TASK REQUIREMENTS: Nothing outside the lines below from the one containing "Q24. En sachant" through the one containing "Вельветовая юбка в" is to be printed; print those exactly, ends included, and drop the pictures.

INFORMATION SUPPLIED:

================

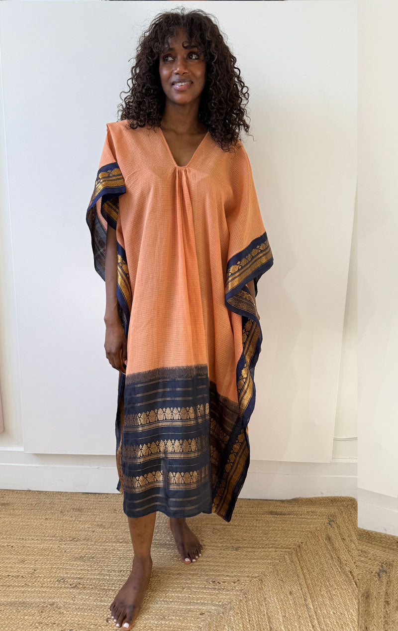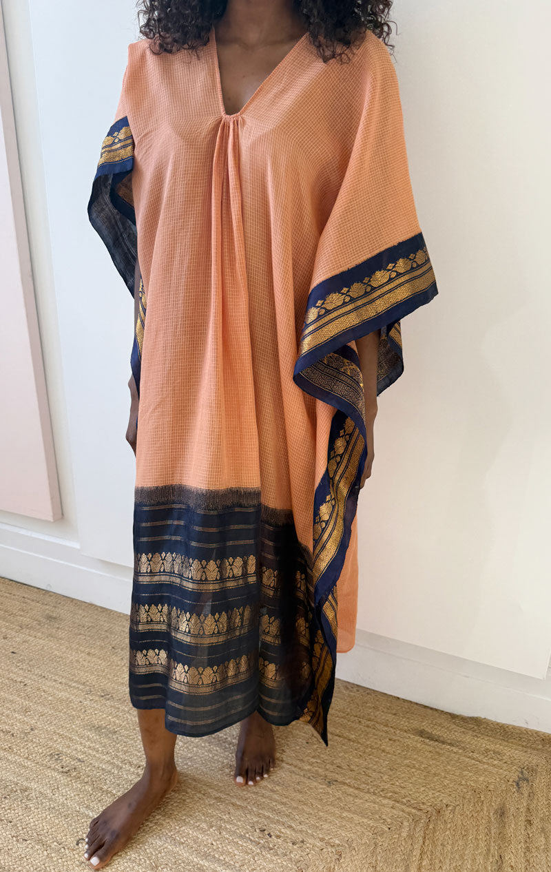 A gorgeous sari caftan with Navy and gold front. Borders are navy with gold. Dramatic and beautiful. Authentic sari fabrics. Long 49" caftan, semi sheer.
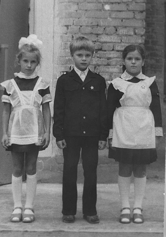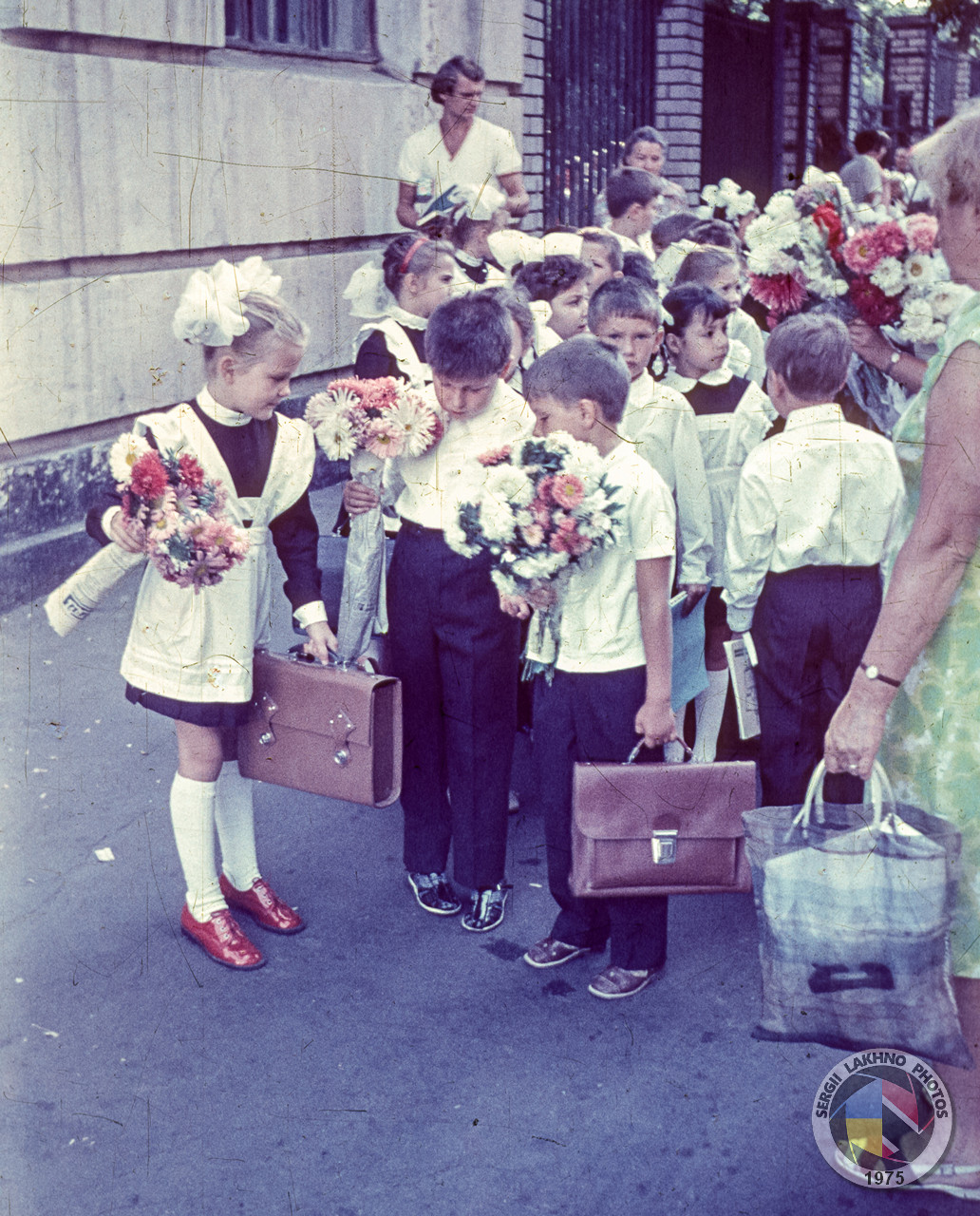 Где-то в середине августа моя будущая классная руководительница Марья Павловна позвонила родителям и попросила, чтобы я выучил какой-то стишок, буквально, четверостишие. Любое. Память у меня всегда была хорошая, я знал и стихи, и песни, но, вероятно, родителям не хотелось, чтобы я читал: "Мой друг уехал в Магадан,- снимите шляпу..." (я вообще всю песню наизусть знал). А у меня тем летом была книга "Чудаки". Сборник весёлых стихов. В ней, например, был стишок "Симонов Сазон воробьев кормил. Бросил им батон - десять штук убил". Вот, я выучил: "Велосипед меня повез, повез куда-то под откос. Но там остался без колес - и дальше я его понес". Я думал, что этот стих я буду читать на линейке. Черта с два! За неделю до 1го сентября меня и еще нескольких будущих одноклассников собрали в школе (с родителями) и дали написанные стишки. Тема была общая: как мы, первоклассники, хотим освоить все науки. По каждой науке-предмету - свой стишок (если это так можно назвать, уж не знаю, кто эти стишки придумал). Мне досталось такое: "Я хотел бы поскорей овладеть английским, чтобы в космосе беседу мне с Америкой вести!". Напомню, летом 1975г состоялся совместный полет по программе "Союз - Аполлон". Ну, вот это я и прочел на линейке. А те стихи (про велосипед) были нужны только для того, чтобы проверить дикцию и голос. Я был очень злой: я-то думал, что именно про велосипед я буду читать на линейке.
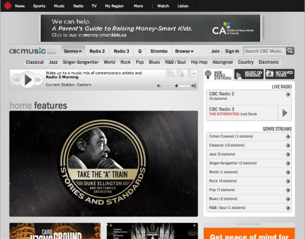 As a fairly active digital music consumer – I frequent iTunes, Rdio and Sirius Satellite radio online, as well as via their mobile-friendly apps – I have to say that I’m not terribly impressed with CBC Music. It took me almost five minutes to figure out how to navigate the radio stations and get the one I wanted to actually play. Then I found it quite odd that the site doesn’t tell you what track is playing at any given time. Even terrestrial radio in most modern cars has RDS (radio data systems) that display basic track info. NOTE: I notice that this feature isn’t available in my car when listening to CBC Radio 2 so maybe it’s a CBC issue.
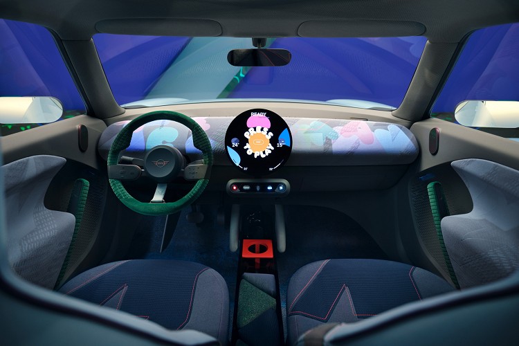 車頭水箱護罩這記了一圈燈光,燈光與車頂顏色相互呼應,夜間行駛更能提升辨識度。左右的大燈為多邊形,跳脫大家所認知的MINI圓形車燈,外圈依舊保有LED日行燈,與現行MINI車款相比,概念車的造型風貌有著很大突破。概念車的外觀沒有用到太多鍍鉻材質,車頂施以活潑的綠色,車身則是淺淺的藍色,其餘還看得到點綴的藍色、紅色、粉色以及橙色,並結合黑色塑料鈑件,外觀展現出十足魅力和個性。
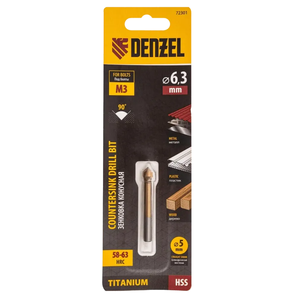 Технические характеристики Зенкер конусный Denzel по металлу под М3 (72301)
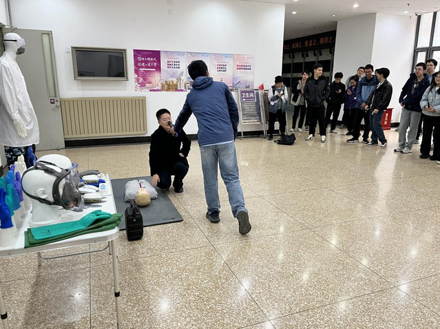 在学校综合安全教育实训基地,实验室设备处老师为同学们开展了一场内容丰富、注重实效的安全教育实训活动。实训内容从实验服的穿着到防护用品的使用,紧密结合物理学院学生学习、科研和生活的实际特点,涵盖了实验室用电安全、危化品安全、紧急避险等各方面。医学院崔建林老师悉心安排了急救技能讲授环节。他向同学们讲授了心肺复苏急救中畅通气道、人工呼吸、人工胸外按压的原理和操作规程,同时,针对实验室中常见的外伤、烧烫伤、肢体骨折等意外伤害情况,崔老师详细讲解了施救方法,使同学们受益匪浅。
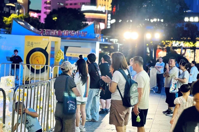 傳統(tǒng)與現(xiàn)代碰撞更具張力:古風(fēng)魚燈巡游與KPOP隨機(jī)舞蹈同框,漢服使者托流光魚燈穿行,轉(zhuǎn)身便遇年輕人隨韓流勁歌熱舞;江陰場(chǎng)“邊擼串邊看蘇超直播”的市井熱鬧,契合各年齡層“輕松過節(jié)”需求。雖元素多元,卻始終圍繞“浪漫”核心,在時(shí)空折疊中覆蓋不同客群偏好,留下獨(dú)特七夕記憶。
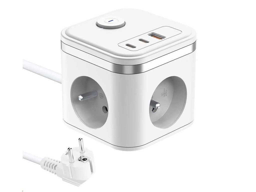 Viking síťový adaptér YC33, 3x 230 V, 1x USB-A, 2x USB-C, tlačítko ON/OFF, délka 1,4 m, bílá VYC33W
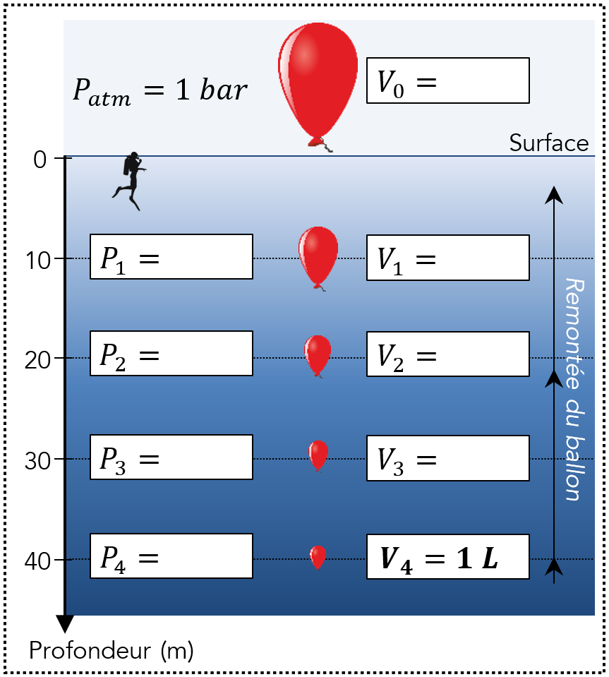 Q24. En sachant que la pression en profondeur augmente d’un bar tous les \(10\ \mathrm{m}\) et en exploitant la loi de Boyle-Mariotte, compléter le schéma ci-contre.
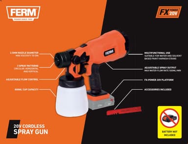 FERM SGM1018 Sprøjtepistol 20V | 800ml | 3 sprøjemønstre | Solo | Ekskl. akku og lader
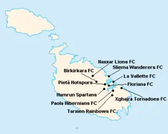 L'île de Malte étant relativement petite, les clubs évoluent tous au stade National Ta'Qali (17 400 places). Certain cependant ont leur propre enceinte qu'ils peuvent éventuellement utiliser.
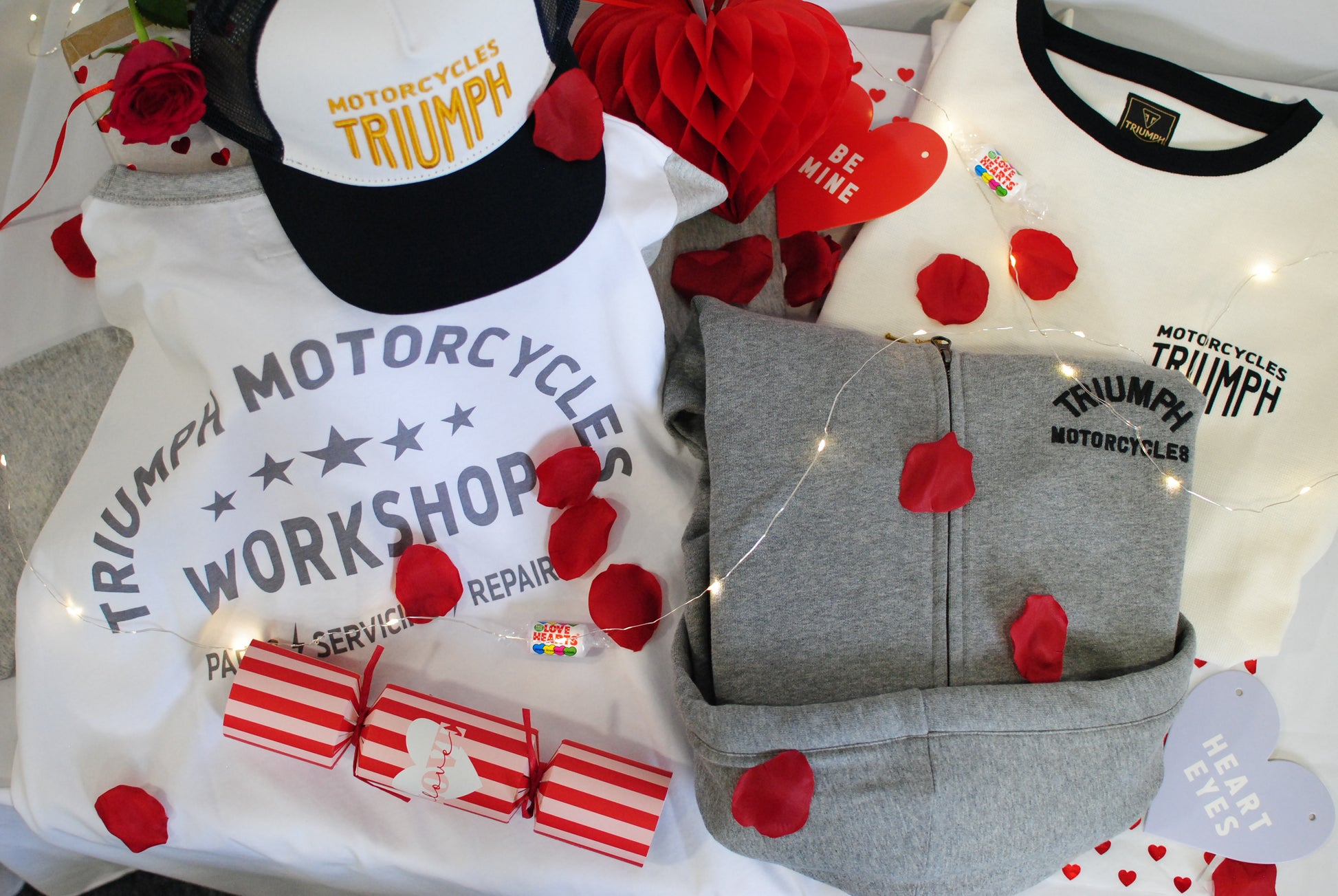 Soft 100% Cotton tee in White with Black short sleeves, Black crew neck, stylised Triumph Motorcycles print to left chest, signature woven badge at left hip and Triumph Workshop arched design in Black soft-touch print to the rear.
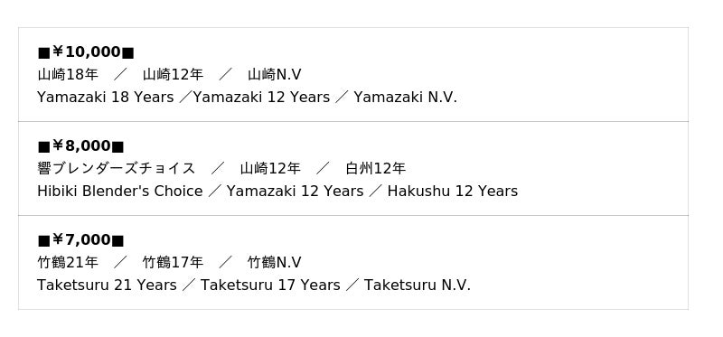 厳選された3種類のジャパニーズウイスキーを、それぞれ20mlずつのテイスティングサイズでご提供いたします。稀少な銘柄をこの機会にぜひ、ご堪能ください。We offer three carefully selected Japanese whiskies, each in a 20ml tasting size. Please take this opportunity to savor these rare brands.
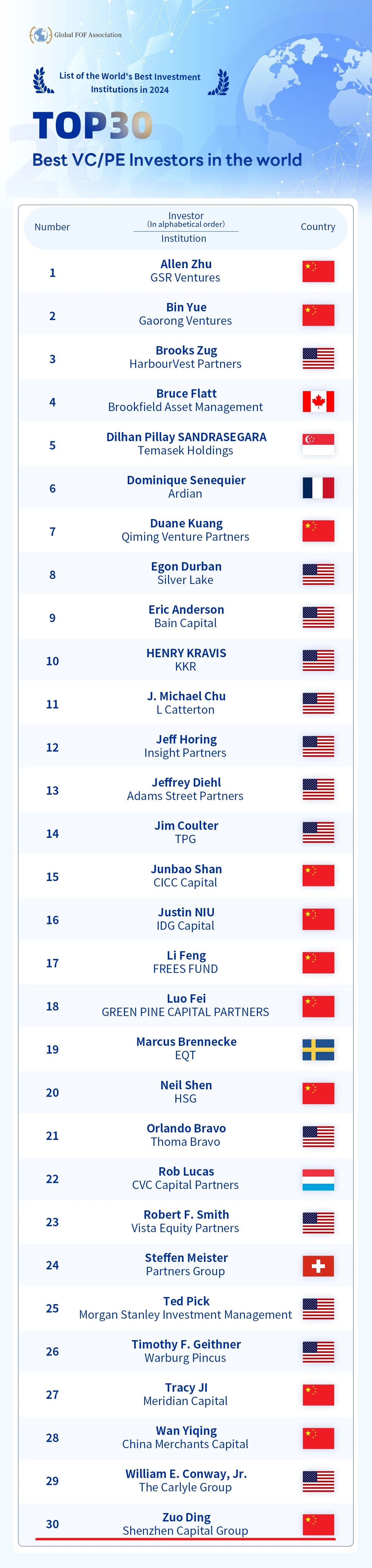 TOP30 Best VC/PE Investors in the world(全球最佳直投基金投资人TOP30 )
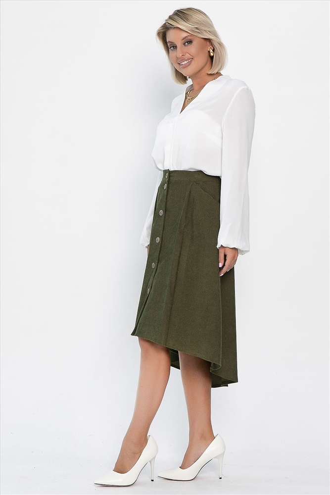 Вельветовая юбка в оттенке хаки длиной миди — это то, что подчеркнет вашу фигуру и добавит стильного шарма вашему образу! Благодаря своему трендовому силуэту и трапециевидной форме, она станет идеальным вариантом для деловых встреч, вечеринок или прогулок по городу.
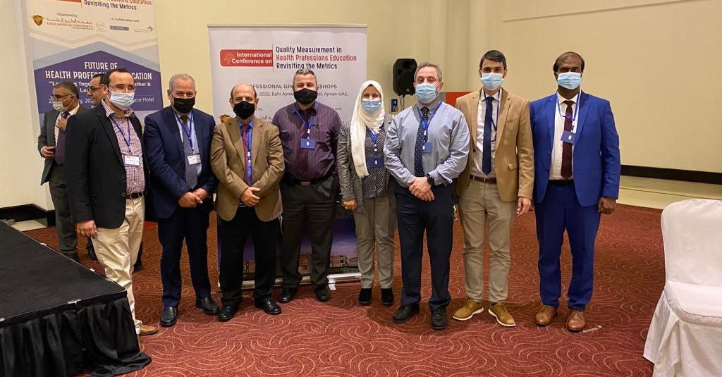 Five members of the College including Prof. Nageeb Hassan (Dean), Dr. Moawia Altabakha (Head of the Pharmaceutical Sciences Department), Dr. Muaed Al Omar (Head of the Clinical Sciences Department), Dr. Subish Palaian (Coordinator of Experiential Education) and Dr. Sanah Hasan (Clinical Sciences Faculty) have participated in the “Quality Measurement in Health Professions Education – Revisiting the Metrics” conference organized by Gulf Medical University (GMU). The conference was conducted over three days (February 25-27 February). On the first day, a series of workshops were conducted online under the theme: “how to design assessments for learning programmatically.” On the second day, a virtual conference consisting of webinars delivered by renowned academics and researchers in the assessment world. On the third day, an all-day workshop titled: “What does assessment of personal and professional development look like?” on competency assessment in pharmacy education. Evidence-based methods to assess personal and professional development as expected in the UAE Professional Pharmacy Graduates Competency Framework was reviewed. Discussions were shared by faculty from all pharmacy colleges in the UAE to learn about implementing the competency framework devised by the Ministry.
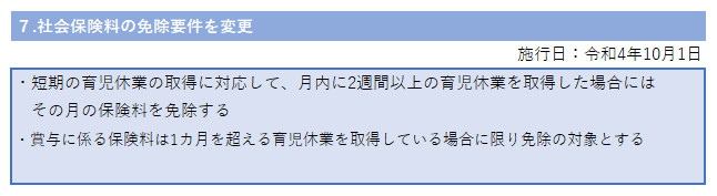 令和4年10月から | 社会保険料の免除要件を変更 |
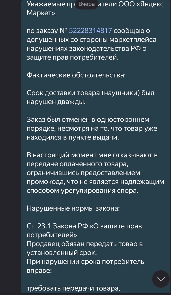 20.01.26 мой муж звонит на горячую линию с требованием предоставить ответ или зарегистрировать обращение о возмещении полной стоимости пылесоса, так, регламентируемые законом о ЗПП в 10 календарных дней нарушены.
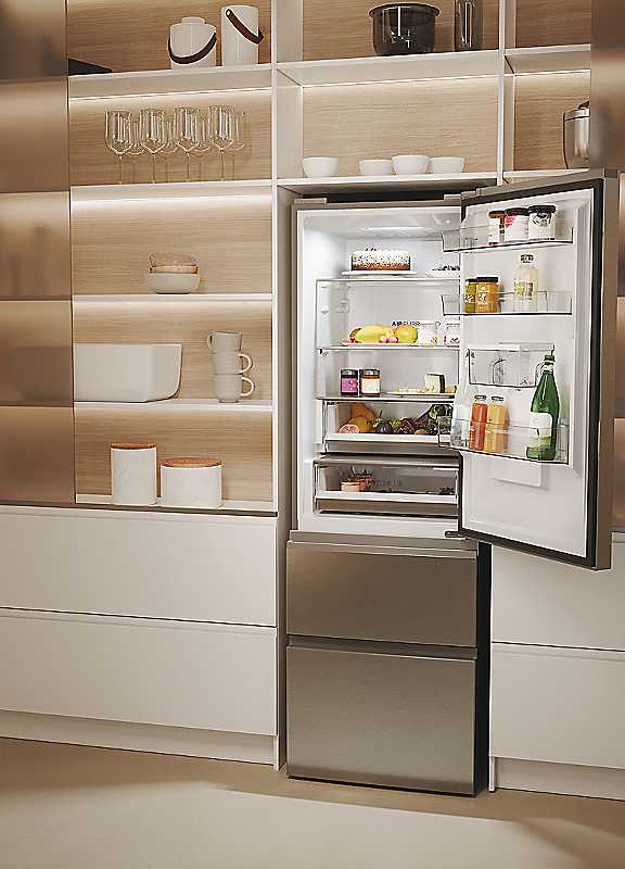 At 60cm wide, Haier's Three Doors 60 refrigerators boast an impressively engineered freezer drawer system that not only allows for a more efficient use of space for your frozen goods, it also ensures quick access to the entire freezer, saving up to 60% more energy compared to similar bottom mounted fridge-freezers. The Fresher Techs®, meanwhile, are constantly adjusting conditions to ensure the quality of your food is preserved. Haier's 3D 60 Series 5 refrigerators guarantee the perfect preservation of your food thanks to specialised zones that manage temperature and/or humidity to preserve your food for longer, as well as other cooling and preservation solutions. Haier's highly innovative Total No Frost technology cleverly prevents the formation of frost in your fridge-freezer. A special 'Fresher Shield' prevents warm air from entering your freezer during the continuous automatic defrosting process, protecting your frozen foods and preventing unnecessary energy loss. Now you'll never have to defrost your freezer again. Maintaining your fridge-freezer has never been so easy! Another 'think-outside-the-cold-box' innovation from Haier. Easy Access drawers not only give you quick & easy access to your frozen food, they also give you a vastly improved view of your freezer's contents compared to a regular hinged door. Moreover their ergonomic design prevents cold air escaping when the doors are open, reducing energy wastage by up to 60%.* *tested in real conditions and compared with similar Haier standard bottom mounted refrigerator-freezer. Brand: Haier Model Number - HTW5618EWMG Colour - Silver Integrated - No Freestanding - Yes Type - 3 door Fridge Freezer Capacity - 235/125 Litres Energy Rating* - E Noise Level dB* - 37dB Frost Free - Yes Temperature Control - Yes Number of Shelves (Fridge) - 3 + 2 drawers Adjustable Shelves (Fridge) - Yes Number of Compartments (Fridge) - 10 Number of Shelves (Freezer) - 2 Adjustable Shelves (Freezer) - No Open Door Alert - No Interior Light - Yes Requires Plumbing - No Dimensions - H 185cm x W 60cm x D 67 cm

================

SOLUTION BELOW:
 Q24. En sachant que la pression en profondeur augmente d’un bar tous les \(10\ \mathrm{m}\) et en exploitant la loi de Boyle-Mariotte, compléter le schéma ci-contre.
 FERM SGM1018 Sprøjtepistol 20V | 800ml | 3 sprøjemønstre | Solo | Ekskl. akku og lader
 L'île de Malte étant relativement petite, les clubs évoluent tous au stade National Ta'Qali (17 400 places). Certain cependant ont leur propre enceinte qu'ils peuvent éventuellement utiliser.
 Soft 100% Cotton tee in White with Black short sleeves, Black crew neck, stylised Triumph Motorcycles print to left chest, signature woven badge at left hip and Triumph Workshop arched design in Black soft-touch print to the rear.
 厳選された3種類のジャパニーズウイスキーを、それぞれ20mlずつのテイスティングサイズでご提供いたします。稀少な銘柄をこの機会にぜひ、ご堪能ください。We offer three carefully selected Japanese whiskies, each in a 20ml tasting size. Please take this opportunity to savor these rare brands.
 TOP30 Best VC/PE Investors in the world(全球最佳直投基金投资人TOP30 )
 Вельветовая юбка в оттенке хаки длиной миди — это то, что подчеркнет вашу фигуру и добавит стильного шарма вашему образу! Благодаря своему трендовому силуэту и трапециевидной форме, она станет идеальным вариантом для деловых встреч, вечеринок или прогулок по городу.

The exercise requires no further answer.